這時,尤裏歐突然感覺身後有一雙眼睛盯著自己,回過頭,透過窗戶,看到了站在小巷口身穿紅色盔甲的騎士。

“利維斯,鬼鬼祟祟可不是聖殿騎士的作風。”

眾人的注意力都集中在艾琳身上,絲毫沒有察覺到尤裏歐已經不在房間裏了。

來到街上,利維斯的身影隻出現了一瞬便消失在陰影裏,尤裏歐追了上去,發現他正背靠著牆壁等著自己。

“特地將我引到這種地方來是要說什麽?”

“真過分啊,明明是你先丟下我這個同僚跑來這裏玩,卻反過來質問我呢。”

在離開莊園後,尤裏歐並沒有直接回到聖殿,而是瞞著利維斯一路跟著奧茲他們。

“我們不是已經完成了任務嗎?你又何必多此一舉,跟我回去匯報吧。”

“我現在不能回去,雖然到目前為止都沒有找到證據,但是我還是相信雪萊大人的判斷……”

“尤——裏——這件事你還是不要插手比較好哦。”

利維斯製止了尤裏歐繼續說下去。

“你應該也察覺到了吧,在這座阿卡托斯城中有什麽東西正在蓄謀著,如果不及時遏製的話,很可能會發生嚴重的事態,而能挽回這一切的就隻有身為聖殿騎士的你和我。”

“我對那些東西沒有興趣,也不想去了解,知道的東西太多可不是一件好事,那個女人或許就是警告哦。”

尤裏歐心中仿佛被電流穿過,一股強烈的殺氣籠罩全身,路燈的火焰間,銀色的槍尖已經對準了利維斯的咽喉。

“艾琳她是我最重要的人……”

“喂喂喂,別那麽衝動嘛,讓她變成那樣的人又不是我,不過,我倒是要提醒你一句,如果你繼續做這種多餘的事的話,你的另一位青梅竹馬還有他的那些同伴會怎麽樣就難說了。”

奧茲……

在艾琳之後,奧茲會是下一個受害者嗎?

尤裏歐緩緩放下了手中的槍,利維斯揚起嘴角走到他的身邊,側著臉問道。

“你是為了什麽才會成為聖殿騎士的呢?”

“那種事情跟你沒有關係。”

“切,反正無非是想要出人頭地之類的理由。
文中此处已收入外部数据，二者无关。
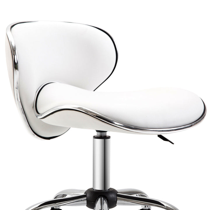 This HOMCOM workshop stool puts you at just the right height, helping to create ideal working environment. The firm back keeps your spine in proper form and the padded seat cushion gives you the comfort for the longer durations. With fives wheels, this hairdressing chair is easy to scoot around or slide around the working area. The polished chrome base and sleek design is ideal for most décor.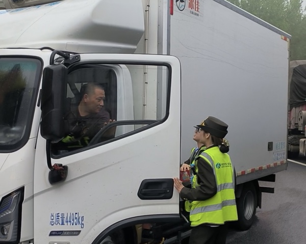 清晨能见度极,室外凉意阵阵,长时间的等待让滞留的司机师傅们难免心生焦急,不少人还未来得及享用早餐,空腹等待的疲惫与焦躁愈发明显。心系司乘冷暖,涿州站的工作人员们来到滞留车辆旁,为每一位等待的司机送上暖心关怀。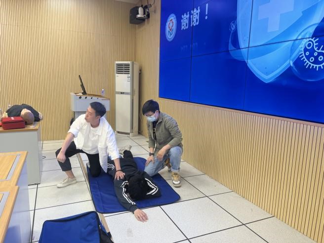 在演练环节中,学员们踊跃参与,医生们对学员们施救步骤及动作要领进行了一对一指导,并及时纠正学员们在实操中的错误,让大家对心肺复苏基本技能每一个急救环节都能进行规范操作。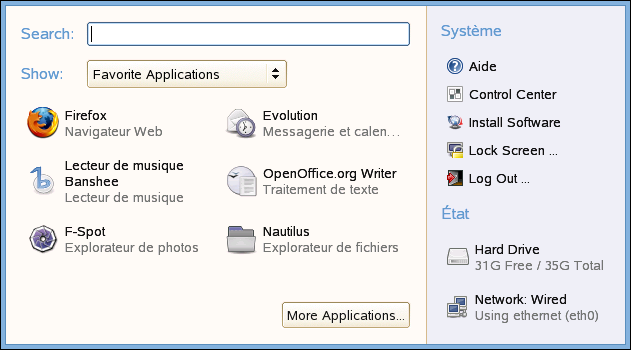 À l'instar du menu Démarrer de Windows, tous les programmes installés sur votre système sont accessibles par le biais du menu principal. Pour ouvrir le menu, cliquez sur dans le coin gauche du tableau de bord. La structure de menu par fonction facilite la recherche de l'application la mieux adaptée à vos besoins, même si vous n'en connaissez pas le nom. Pour plus d'informations sur le menu principal, reportez-vous à la Section 1.4, Utilisation du menu principal.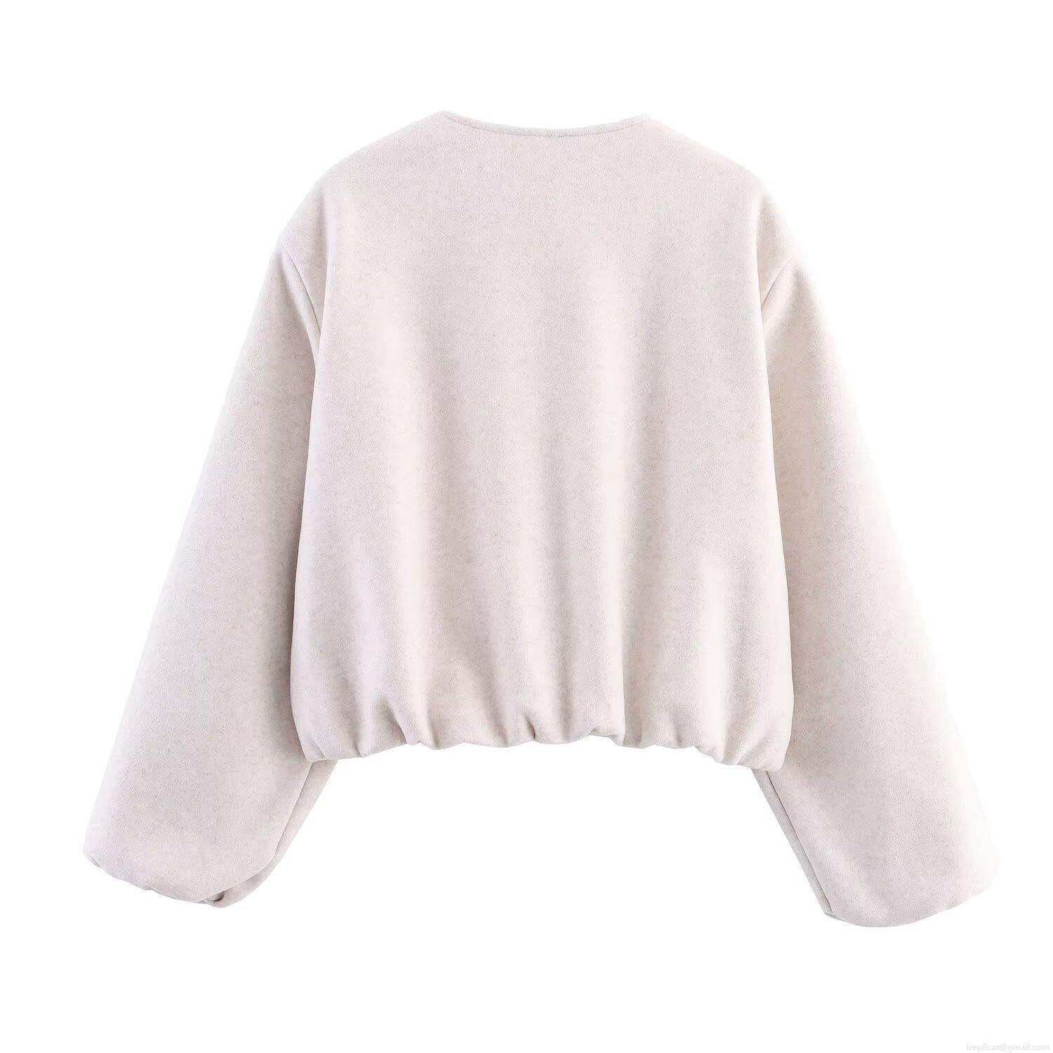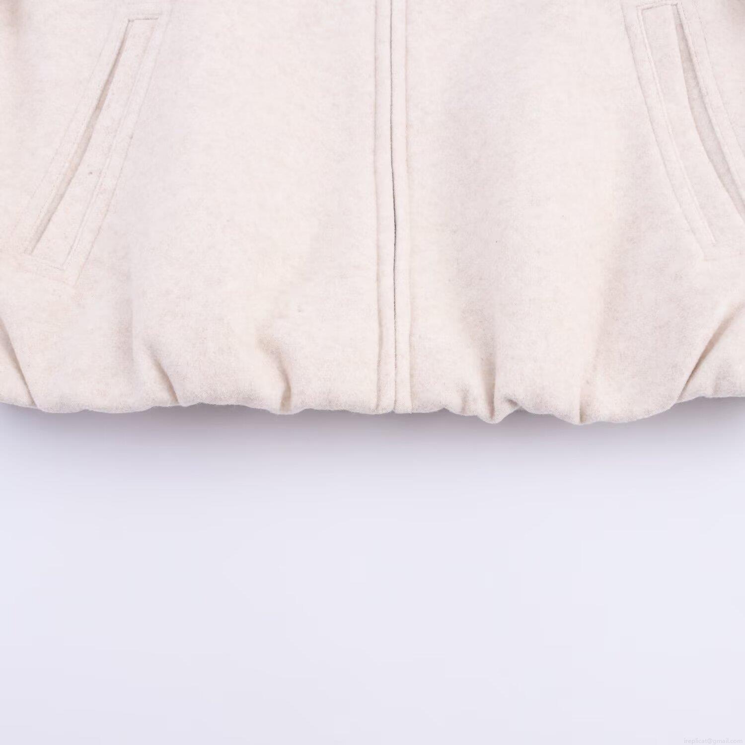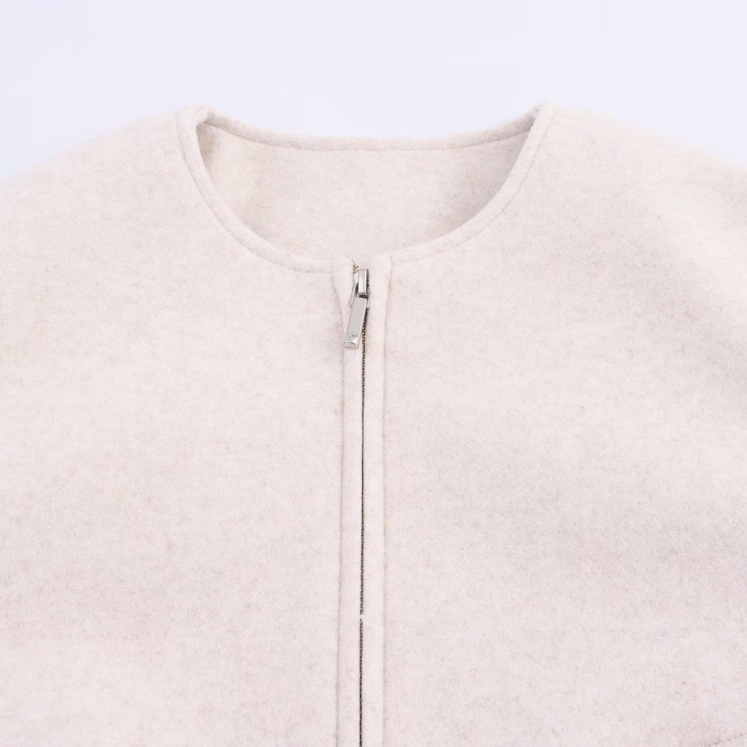 Women's Casual Woolen Soft Bomber Jacket Loose Fit Round Neck Zip Up Outerwear Solid Color Long Sleeve Ribbed Trim Short Coat for Fall Winter

我啊,並不是自己想成為聖殿騎士的,隻是為了回應所謂的“阿托利斯家族的期望”罷了,因為……嗬嗬,我的祖父是那位凱撒大人嘛,你這平民出身的家夥應該不會明白吧?”

位於中央聖殿,白發綠眸的老者正倚靠在椅背上酣睡,隻看那樸素的睡相很難把他跟聖殿騎士團的騎士長本人聯係起來。

說白了,手裏沒有握著騎士槍的“凱撒”隻是一個嗜睡而且健忘的老爺子。

身為“蒼天的六連星”的第二席,雪萊?弗洛西斯除了要打理聖殿中大大小小的事務外,還要負責照料這位大人的起居。

之所以會演變成這樣的局麵,都是因為那另外幾席的性格太過奇特,不是能靜下心來好好完成工作的人。

不過,雪萊其實更希望聽到“因為自己很能幹”這樣的話。

“凱撒大人,在這裏睡會著涼的喲。”

這時,從大殿外傳來了一陣腳步聲。

殿門緩緩開啟,出現在那裏的是兩個略顯怪異的身影。

守在走廊裏的兩個紅衣騎士竊竊私語著。

“喂,那不是……”

“啊——沒錯,是‘蒼天的六連星’,聖殿裏地位僅次於凱撒大人的六人中的兩位,沒想到今天有機會見到呢。”

“可是,不管怎麽看,他們都不像是和我們一樣的騎士啊?”

“那是當然的了!在這六人中沒有一個是守序係天職的,而是擁有這個世界上獨一無二的天職。”

其中,身穿哥特式的黑色蓬蓬裙,戴了一頂小禮帽,背著一個和本人差不多高的巨大人形木偶,是個長相也如娃娃一般的嬌小女孩。

另一個頭戴著草帽,腳上是草鞋,隨手不離的“武器”是肩上扛著的那把鋤頭,土裏土氣的死魚眼青年。

和這兩個人比起來,平日裏給人留下“書呆子”加“男保姆”形象的雪萊就正常多了。

“雪——萊——萊——!為什麽是你代替凱撒大人對我們發號施令?”

莉莉,全名叫皮莉佳?珂莉斯朵,第六席“人偶”的少女不滿地瞪著雪萊,旁邊的青年一副欲言又止的樣子,顯然是被她剛剛的拉長音嚇得不輕。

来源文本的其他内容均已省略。